* **Work request**: The response should be the lines of the data, starting at the first and ending at the one that contains "Description Made to", copied without change.

==== Input data

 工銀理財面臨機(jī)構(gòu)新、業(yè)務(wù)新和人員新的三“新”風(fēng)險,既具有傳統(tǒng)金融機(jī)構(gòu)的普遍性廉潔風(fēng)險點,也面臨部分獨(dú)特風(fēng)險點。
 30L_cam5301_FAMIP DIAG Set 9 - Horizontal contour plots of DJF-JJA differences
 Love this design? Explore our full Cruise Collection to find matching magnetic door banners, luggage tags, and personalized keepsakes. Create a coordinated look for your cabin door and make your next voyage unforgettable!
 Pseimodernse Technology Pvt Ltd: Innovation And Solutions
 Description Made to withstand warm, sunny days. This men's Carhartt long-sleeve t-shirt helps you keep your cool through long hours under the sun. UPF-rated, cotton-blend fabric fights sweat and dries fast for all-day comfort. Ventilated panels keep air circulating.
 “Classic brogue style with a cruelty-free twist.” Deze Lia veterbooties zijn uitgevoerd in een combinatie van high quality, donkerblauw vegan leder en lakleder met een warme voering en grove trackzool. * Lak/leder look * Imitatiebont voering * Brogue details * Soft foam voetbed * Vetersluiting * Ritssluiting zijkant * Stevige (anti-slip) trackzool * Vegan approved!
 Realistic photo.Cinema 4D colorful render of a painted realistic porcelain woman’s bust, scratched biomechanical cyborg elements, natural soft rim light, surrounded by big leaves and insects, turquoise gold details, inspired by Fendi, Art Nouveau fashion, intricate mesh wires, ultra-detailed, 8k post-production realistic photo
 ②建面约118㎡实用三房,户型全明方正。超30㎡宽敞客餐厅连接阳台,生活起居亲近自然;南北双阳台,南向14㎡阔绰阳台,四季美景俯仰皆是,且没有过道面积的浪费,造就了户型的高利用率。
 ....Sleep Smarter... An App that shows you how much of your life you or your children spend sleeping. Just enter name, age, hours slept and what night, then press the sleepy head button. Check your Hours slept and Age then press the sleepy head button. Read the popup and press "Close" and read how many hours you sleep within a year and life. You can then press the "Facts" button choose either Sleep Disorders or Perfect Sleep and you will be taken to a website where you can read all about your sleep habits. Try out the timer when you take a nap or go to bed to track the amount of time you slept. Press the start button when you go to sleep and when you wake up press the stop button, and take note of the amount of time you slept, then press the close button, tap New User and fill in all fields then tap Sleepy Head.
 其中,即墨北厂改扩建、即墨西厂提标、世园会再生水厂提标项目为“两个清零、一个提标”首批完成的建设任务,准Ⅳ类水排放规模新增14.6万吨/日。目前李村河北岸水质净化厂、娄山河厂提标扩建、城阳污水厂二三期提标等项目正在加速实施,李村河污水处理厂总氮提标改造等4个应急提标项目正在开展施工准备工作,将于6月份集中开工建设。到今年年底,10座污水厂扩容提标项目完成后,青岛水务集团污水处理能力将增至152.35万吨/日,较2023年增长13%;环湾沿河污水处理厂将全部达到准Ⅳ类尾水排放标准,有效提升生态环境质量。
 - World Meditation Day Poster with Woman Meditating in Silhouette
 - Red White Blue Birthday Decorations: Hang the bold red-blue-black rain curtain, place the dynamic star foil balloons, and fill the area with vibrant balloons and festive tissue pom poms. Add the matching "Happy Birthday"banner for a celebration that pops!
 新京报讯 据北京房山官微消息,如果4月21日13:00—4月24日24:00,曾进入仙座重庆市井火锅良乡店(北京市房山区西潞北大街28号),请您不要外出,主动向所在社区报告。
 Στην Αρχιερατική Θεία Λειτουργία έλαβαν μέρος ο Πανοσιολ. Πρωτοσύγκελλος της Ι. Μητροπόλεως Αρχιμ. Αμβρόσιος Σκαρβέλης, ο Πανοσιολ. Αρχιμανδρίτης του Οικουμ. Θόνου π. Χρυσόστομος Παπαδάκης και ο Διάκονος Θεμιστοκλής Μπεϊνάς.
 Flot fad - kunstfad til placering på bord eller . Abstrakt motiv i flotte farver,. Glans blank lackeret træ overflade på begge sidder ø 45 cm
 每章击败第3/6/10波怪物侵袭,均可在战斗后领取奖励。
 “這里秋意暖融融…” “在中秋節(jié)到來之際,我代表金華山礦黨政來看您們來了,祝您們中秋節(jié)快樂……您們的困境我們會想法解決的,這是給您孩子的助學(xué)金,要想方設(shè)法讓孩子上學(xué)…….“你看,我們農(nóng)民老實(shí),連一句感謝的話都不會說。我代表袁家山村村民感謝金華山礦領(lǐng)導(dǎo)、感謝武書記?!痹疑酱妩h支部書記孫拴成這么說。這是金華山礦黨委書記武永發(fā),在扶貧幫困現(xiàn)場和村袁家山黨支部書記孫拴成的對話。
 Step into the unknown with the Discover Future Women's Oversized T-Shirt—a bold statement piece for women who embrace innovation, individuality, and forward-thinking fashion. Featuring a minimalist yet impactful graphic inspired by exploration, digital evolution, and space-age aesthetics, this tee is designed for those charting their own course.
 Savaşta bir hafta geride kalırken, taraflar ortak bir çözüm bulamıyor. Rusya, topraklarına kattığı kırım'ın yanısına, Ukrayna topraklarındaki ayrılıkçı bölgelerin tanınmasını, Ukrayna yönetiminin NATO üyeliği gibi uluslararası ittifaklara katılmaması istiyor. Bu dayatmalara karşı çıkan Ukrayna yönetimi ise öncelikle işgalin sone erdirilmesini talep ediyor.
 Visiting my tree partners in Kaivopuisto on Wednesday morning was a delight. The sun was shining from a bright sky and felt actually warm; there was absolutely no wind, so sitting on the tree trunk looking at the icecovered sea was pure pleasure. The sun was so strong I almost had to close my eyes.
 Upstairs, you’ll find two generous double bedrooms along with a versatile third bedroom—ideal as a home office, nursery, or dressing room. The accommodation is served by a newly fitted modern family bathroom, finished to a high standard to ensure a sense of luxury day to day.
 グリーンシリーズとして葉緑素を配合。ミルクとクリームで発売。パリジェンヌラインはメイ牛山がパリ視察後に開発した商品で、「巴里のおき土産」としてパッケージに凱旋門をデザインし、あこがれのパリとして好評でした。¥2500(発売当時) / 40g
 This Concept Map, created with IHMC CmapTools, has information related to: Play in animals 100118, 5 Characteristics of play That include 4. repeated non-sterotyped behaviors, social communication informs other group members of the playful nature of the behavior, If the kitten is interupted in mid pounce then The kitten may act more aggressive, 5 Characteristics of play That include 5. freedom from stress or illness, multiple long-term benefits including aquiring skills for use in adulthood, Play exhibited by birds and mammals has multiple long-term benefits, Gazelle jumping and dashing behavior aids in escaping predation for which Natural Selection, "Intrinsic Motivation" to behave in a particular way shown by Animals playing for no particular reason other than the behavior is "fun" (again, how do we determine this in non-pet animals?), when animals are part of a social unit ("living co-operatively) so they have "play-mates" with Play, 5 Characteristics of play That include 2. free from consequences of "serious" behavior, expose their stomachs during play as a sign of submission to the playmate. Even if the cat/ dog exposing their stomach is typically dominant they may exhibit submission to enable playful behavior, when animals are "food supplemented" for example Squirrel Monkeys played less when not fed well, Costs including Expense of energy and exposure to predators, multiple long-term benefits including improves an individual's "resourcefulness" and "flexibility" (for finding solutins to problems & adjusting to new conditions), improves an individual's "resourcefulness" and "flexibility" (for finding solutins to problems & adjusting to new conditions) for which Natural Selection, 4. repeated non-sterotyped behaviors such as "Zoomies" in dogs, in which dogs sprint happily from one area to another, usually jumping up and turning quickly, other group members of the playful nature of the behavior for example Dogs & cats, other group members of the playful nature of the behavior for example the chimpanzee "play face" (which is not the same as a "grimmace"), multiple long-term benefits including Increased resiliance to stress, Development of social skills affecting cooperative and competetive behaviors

========

* **Final answer**:
 工銀理財面臨機(jī)構(gòu)新、業(yè)務(wù)新和人員新的三“新”風(fēng)險,既具有傳統(tǒng)金融機(jī)構(gòu)的普遍性廉潔風(fēng)險點,也面臨部分獨(dú)特風(fēng)險點。
 30L_cam5301_FAMIP DIAG Set 9 - Horizontal contour plots of DJF-JJA differences
 Love this design? Explore our full Cruise Collection to find matching magnetic door banners, luggage tags, and personalized keepsakes. Create a coordinated look for your cabin door and make your next voyage unforgettable!
 Pseimodernse Technology Pvt Ltd: Innovation And Solutions
 Description Made to withstand warm, sunny days. This men's Carhartt long-sleeve t-shirt helps you keep your cool through long hours under the sun. UPF-rated, cotton-blend fabric fights sweat and dries fast for all-day comfort. Ventilated panels keep air circulating.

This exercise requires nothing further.